The beneficial effects of physical exercise were also highlighted by Chen, who recently reviewed the paradox of chronic stress and chronic exercise, both known to increase basal cortisol levels. Their metanalysis underlined that solely increased basal cortisol levels are not necessarily detrimental to the human body and their work suggested that other factors are also needed for the harmful effects of glucocorticoid excess [116]. Related to GIO, Tóth et al. highlighted that one of the most peculiar features was the large interindividual variability in clinical presentation and severity [27]. In this regard, the role of hypoxia and hypoxia-induced factors seem unavoidable. In bone, despite the detailed investigations, the effect of hypoxia, whether it is osteo-anabolic or osteo-catabolic is not entirely clear. A proof for the role of hypoxia in GC excess induced detrimental effects was shown recently by Ueda. In MLO-Y4 murine osteocytic cells, dexamethasone and hypoxia separately caused apoptosis; but their simultaneous effects lead to a significant increase of necrotic celldeath [117].
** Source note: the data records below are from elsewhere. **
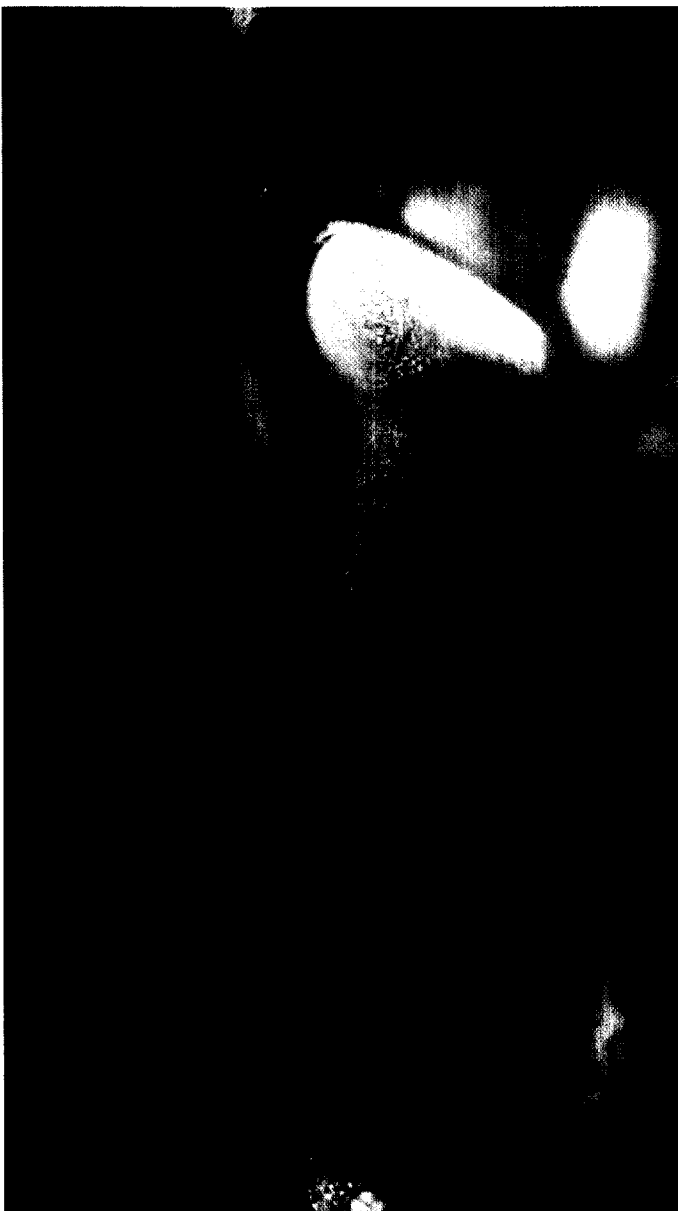
ADOR 2000 Kunststoff oder Keramik? Seite 103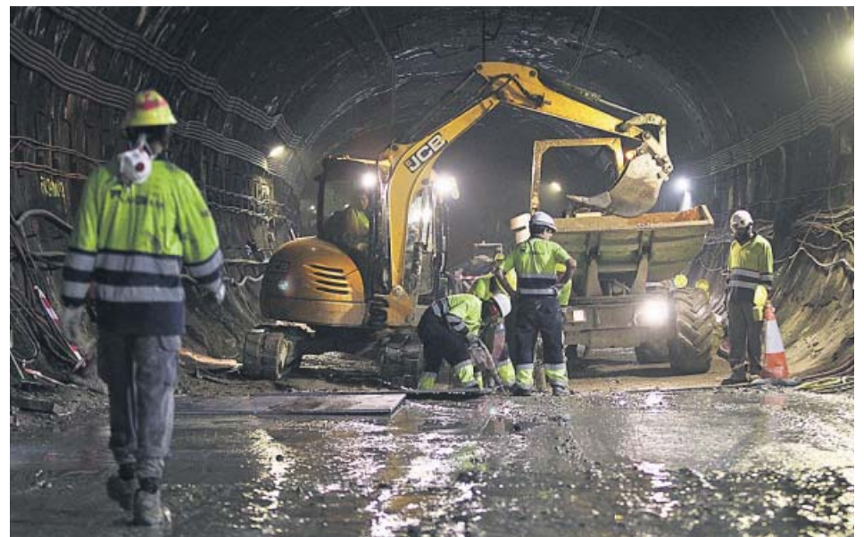
Operarios trabajando en las obras del túnel de Recoletos.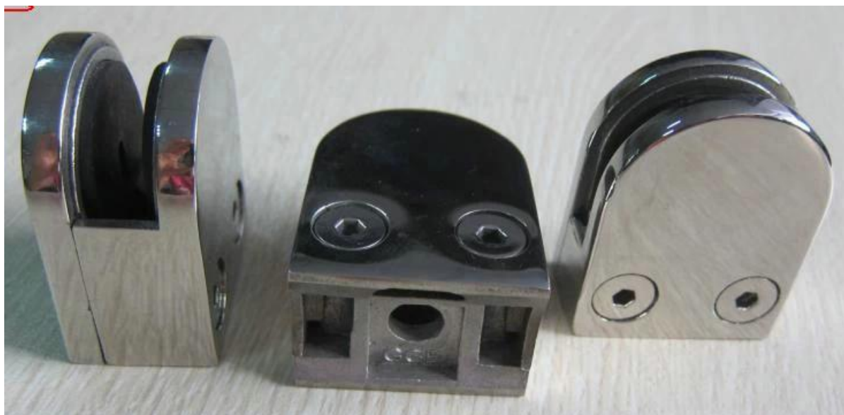
Διαφορά επεξεργασίας επιφανειών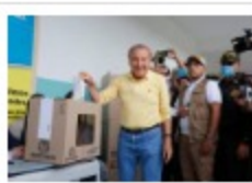
Rodolfo Hernández 'barrió' en Santander y Bucaramanga

Asegura que "le quitará la chequera" a los corruptos para que los recursos sean manejados limpiamente sean invertidos en las necesidades del país.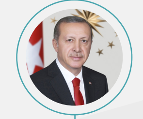
1. Recep Tayyip Erdoğan

Konu olduğu haberler 2023'e göre azalsa da Cumhurbaşkanı Recep Tayyip Erdoğan, yine listenin ilk sırasında yer aldı. Özgür Özel %238 artışla listeye ikinci sıradan girdi. Önceki yıl 6. sırada yer alan Ali Yerlikaya hakkındaki haberler 2,5 kattan fazla artarak onu 3.'lüğe taşıdı. Ekrem İmamoğlu %5 artışa rağmen 4.'lüğe gerilerken, geçen yılın listesine son sıradan giren Mehmet Şimşek ikiye katlanan haberleriyle 5. oldu.

Related to this, Noguchi et al. proved that the detrimental effects of the glucocorticoid excess on bone could be prevented by oxygen ultra-fine bubbles saline injection [118]. In prednisolone-treated mice, regularly administered injections diluted with oxygen ultra-fine bubbles prevented severe bone loss caused by GCs. Simple saline injections and injections diluted with nitrogen ultra-fine bubbles were not able to counteract the detrimental effects of GCs. In vitro experiments revealed that appropriate oxygen supply (through injection with oxygen ultra-fine bubbles) had not affected differentiation of osteoblasts, but inhibited osteoclastogenesis, resulting in an osteo-anabolic effect [118].
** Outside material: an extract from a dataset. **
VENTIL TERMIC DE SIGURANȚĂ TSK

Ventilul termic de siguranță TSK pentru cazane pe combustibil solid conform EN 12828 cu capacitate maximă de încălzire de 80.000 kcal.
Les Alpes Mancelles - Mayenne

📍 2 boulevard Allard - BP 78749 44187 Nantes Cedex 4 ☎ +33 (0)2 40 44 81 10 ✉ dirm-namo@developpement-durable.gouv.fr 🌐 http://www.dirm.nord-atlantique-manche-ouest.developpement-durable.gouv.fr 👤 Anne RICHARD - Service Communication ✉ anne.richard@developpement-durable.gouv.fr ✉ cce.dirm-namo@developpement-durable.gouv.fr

Summarizing these results, it can be assumed that the restorative effects of physical exercise on Wnt/ß-catenin pathway can be linked partly to an enhanced oxygen supply, and inversely, deleterious effects of GC excess on Wnt-pathway are more pronounced when hypoxic conditions are present and probably the severity of the damaging effects is related to the degree of hypoxia.
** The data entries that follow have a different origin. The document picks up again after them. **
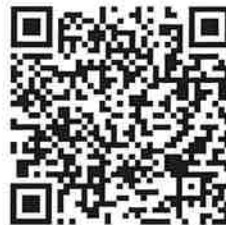
過往六福永續獎影片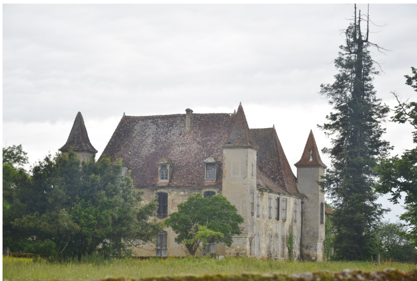
Le château de Cahuzac sur Adour

Si ceux qui possèdent un bien, si petit soit-il, peuvent l'affermier, l'immense majorité des habitants n'ont à offrir que leurs bras. En cas de mauvaises récoltes, ils s'endettent mais sont si pauvres qu'ils savent qu'ils ne pourront jamais rembourser.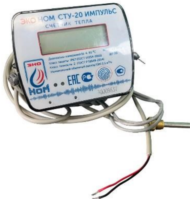
а) вычислитель с термопреобразователями сопротивления

Теплосчетчики имеют исполнения ЭКО НОМ СТУ-15.1, ЭКО НОМ СТУ-15.2, ЭКО НОМ СТУ-20, отличающиеся диапазоном расхода и номинальным диаметром. Общий вид теплосчетчиков приведен на рисунке 1.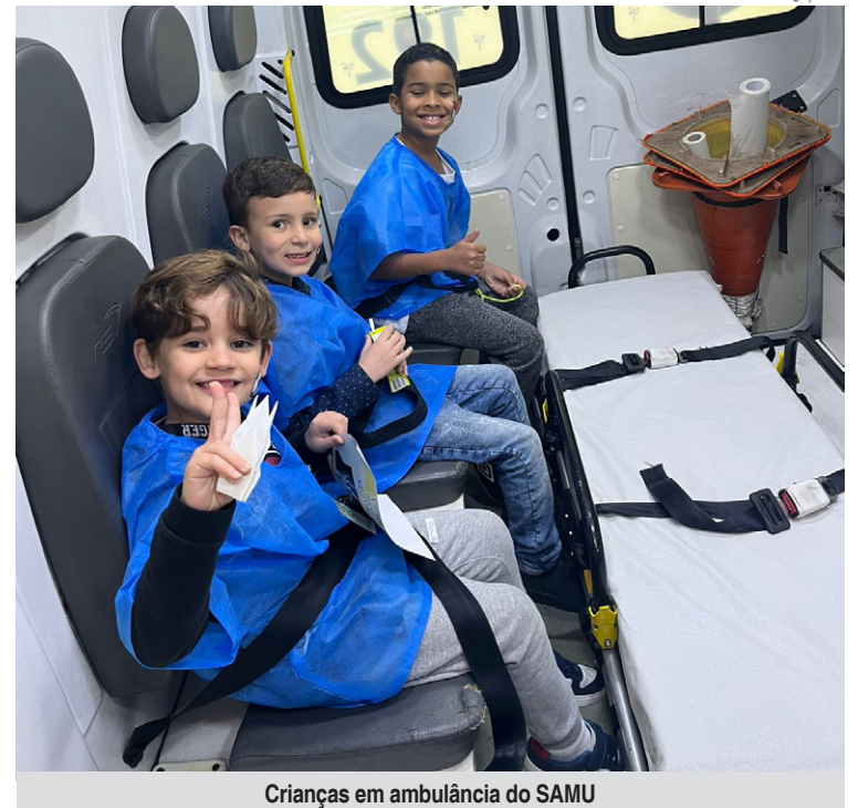
Crianças em ambulância do SAMU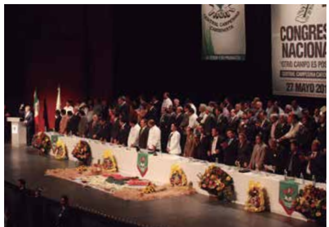
Presidium del evento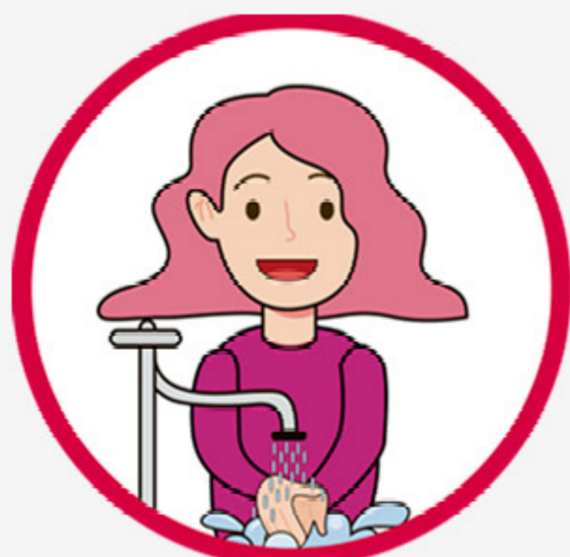
Lavado de manos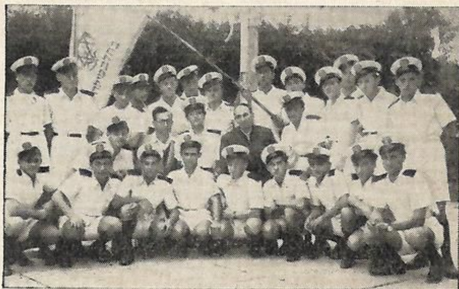
קבוץ "כובשי הים" בפאנא (איטליה). בטקס חנוכת ביתו החדש של הקבוץ.

זה שנים מספר מתנהלת פעולת הדרכה, בשיט ובמפר"שים, בקרב תלמידי הכתות הגבוהות של בתי-הספר העמ"מיים. בשנה שעברה הקיפה פעולה זו כ-300 חניך. ההדרכה המקצועית נתנה לפי התכנית לדרגא ג', הכוללת: חתירה, עבודות חבלים, מבנה הסירה, עגנים וכו'. נוסף על כך בוצעו פעולות חנוכיות-למודיות: הרצאות על נושאים ימיים, טיור לים, בקורים בנמל ובספינות וכיו"ב. בסיומה של השנה התקיימו מחנות-קיץ אחדים, לסיכום הידיעות ולהשלמתן. רבה היא הברכה הצפונה בפעולה זו. מגמתנו בה היא: לחזור לשכבות השונות של הדור הצעיר-הלומד, ולהחדיר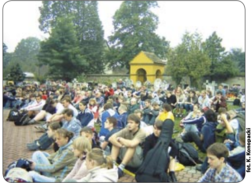
Msza w Tworogu (2005 r.)

Na nowym, zaakceptowanym przez władze komunistyczne herbie, zabrakło miejsca dla Matki Bożej. (...) Dawny herb można dziś podziwiać wyłącznie na frontonie Ratusza bądź na budynkach dawnych szkół miejskich” (np. na elewacji „czerwonej chemii” – dopisek red. ).

The relationship between GC excess and severe comorbidities is well-known: fractures occur in 30%–50% of the patients subjected to long-term hypercortisolism [28]; the rate of glucocorticoid-induced hyperglycemia or diabetes among chronic GC-users is more than 32% [119]. Besides this, glucocorticoids are responsible for cardiovascular (15%), infectious (15%), gastrointestinal (10%), psychological/behavioral (9%) and endocrine/metabolic (7%) adverse effects [4]. Therefore, the earlier treatment of endogenous GC excess is imperious and the periodic evaluation of chronic GC-users’ state is indispensable. This is also of paramount importance because a part of the adverse effects of GC excess seems to be long-lasting, definitive or even heritable. Besides the complex medical treatment of endogenous GC excess and the adverse effects of GCtreatment, the role of comprehensive lifestyle changes are also essential: physical activity and the management of obesity create a hormonal environment in which Wnt/β-catenin pathway can fulfill its role in the homeostatic processes of the adult organism.